_Problem description_
Output, exactly as written, the lines below starting at the line containing "Organizer Black 23382400" and ending at the line containing "CM-SHS386838 Women Trendy". Drop the pictures and keep both end lines.

_Record excerpts_
/---

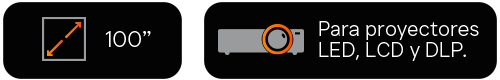 100 pulgadas, tamaño de visión en diagonal: 254 ± 0.5cm. Adecuado para proyectores LED, LCD y DLP.
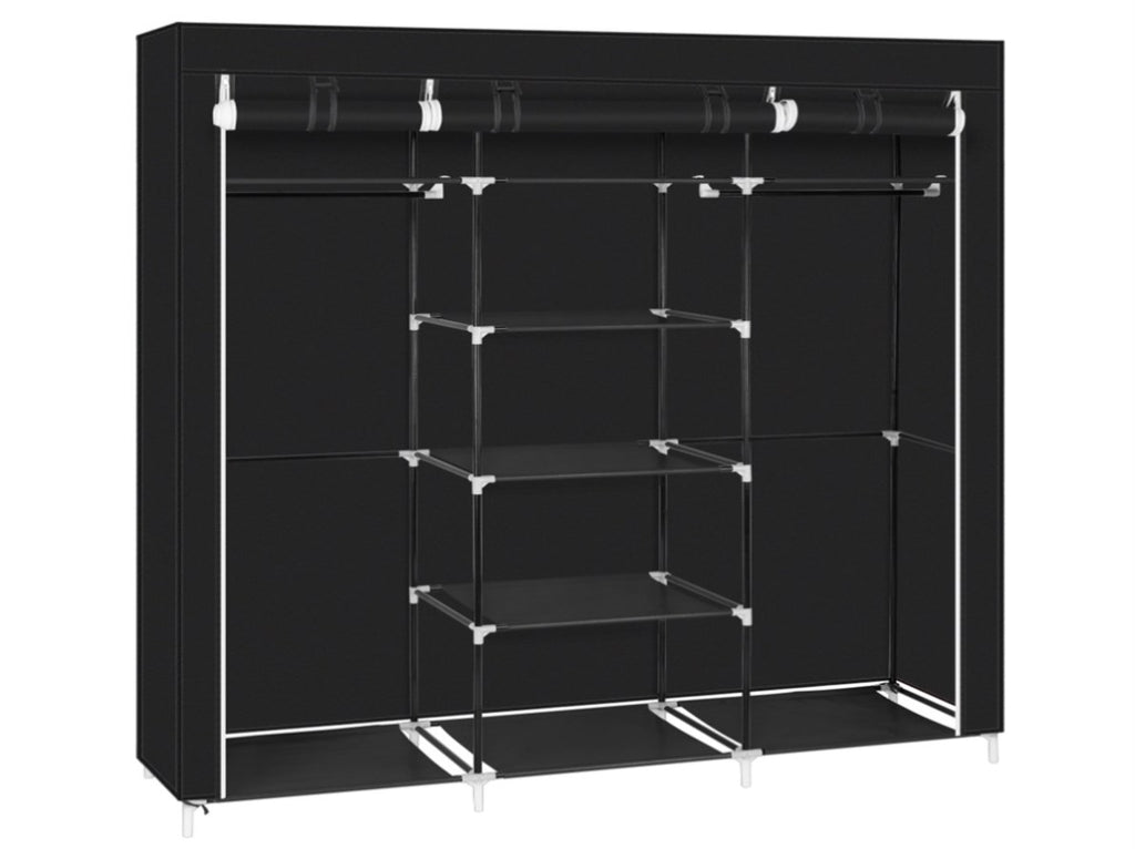 69" Portable Clothes Closet Non-Woven Fabric Wardrobe Double Rod Storage Organizer Black 23382400
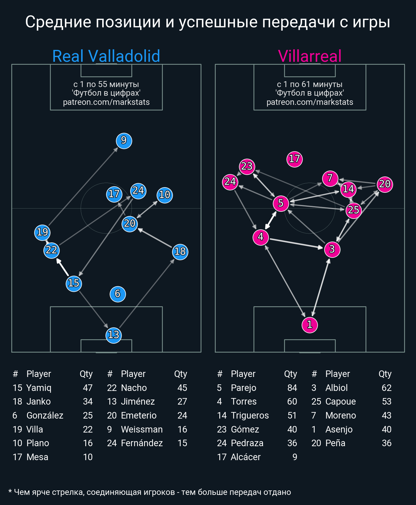 ▪ 53 успешных передач из 62 попыток (5 с продвижением, 1 на трети соперника)
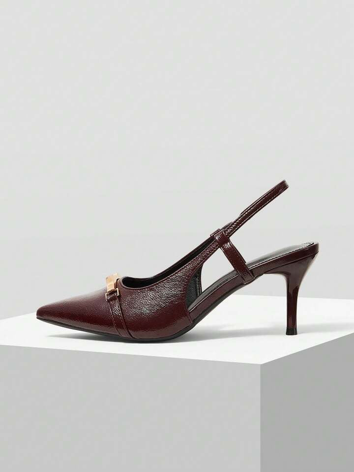 CM-SHS386838 Women Trendy Seoul Style Metal Buckle Decor Ankle Strap High Heel Sandals - Brown
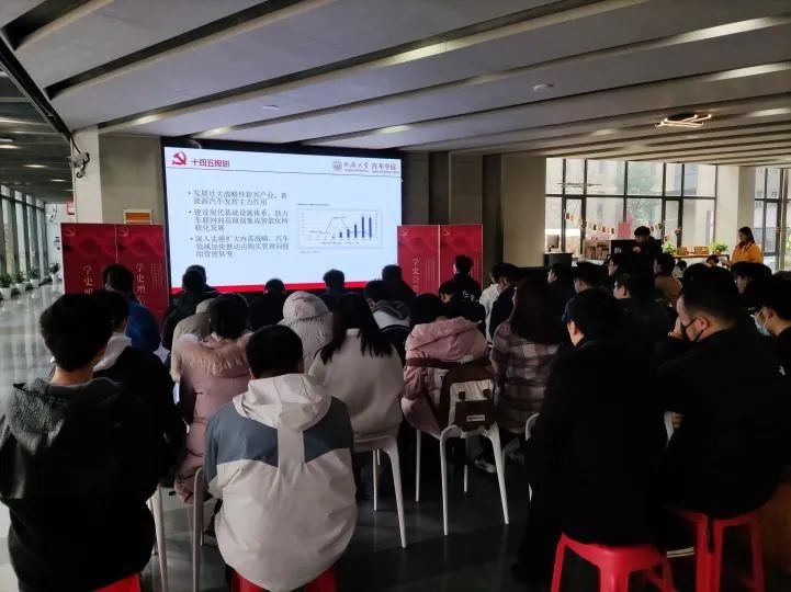 本次理论学习的主题为《论科技创新与科技强国》,分为党史学习分享、汽车新技术分享以及汽车新四化与十四五规划三大部分。学生代表通过《壮阔东方潮,创新强国路》回顾了党发展历程中的科技思想,并结合课内学习知识分享了高精度地图在智能驾驶中的应用,教工代表则以汽车新四化与十四五规划为切入点,分析了中国汽车未来的发展。
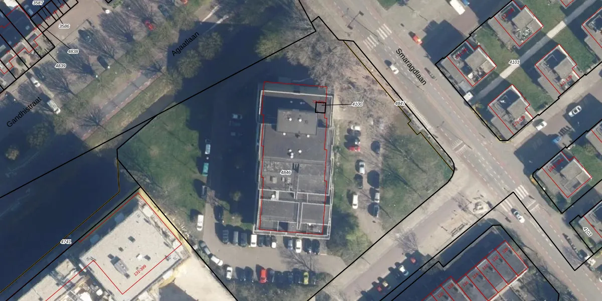 Het perceel waarop Smaragdlaan 176 staat heeft een oppervlakte van 6036 m². Dit is een zeer groot perceel. De perceeloppervlakte wordt geregistreerd door het Kadaster. Gedetailleerde informatie over de maten van dit perceel kunt u vinden in het rapport Kadastrale kaart met maatvoering van Smaragdlaan 176.
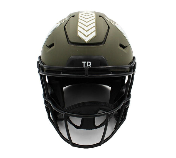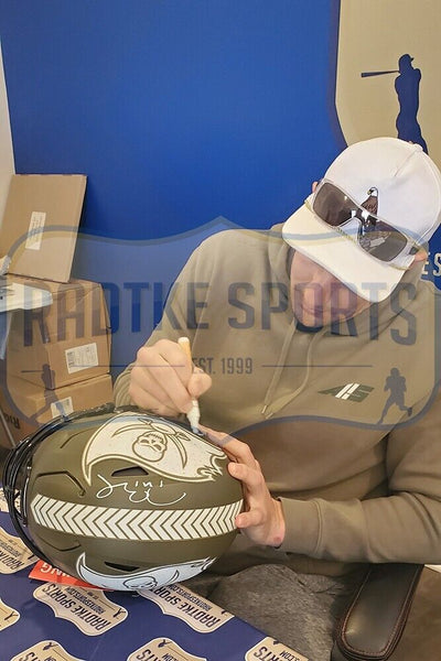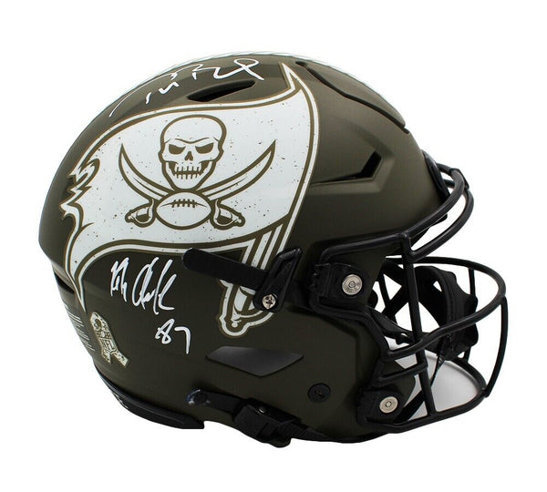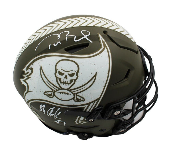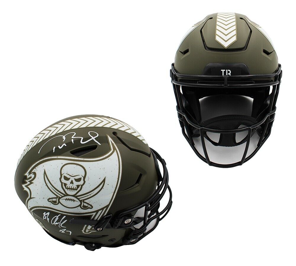 A Tampa Bay Buccaneers Speed Flex Authentic Salute To Service NFL Helmet hand signed by Tom Brady and Rob Gronkowski. The item and signature are in excellent condition. Tom is a quarterback for the Tampa Bay Buccaneers. He has won a record four Super Bowl MVP awards as well as three NFL MVP awards. Rob is a 5x All-Pro First Team, 5x Pro Bowler, and 2x Super Bowl Champion. AUTHENTICATION: Your item is tagged with a Fanatics Authentic Serial Numbered and Databased Hologram and a Rob Gronkowski exclusive SmarTag powered by Prova Technology, which gives you digital access to your items authentication records, which includes a proof picture from the signing.
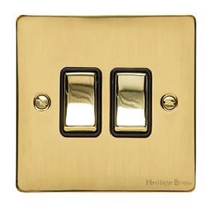 Elite Flat Plate Range Polished Brass | 2 Gang Rocker Switch
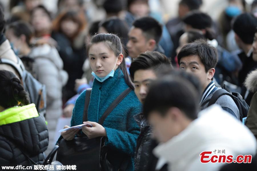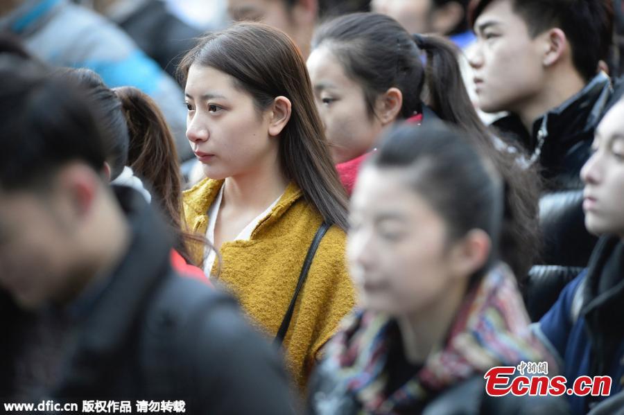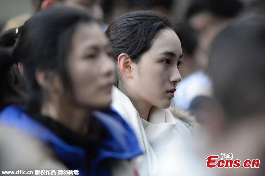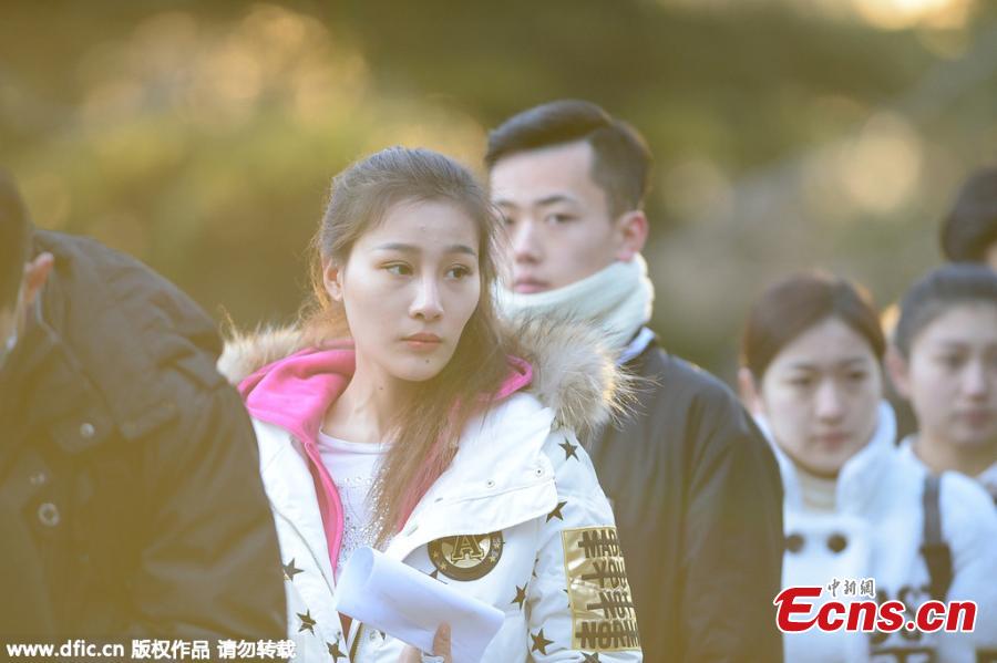 Students prepare to sit entrance exams at the Beijing Film Academy in Beijing, Feb. 15, 2016. The prestigious acting school, regarded by many as the road to fame, plans to offer 10 bachelor’s degree programs and enroll 437 students this year, a decrease of 52 students than last year, but the number of applicants has increased dramatically. (Photo/IC)

\---

_Worked solution_
 69" Portable Clothes Closet Non-Woven Fabric Wardrobe Double Rod Storage Organizer Black 23382400
 ▪ 53 успешных передач из 62 попыток (5 с продвижением, 1 на трети соперника)
 CM-SHS386838 Women Trendy Seoul Style Metal Buckle Decor Ankle Strap High Heel Sandals - Brown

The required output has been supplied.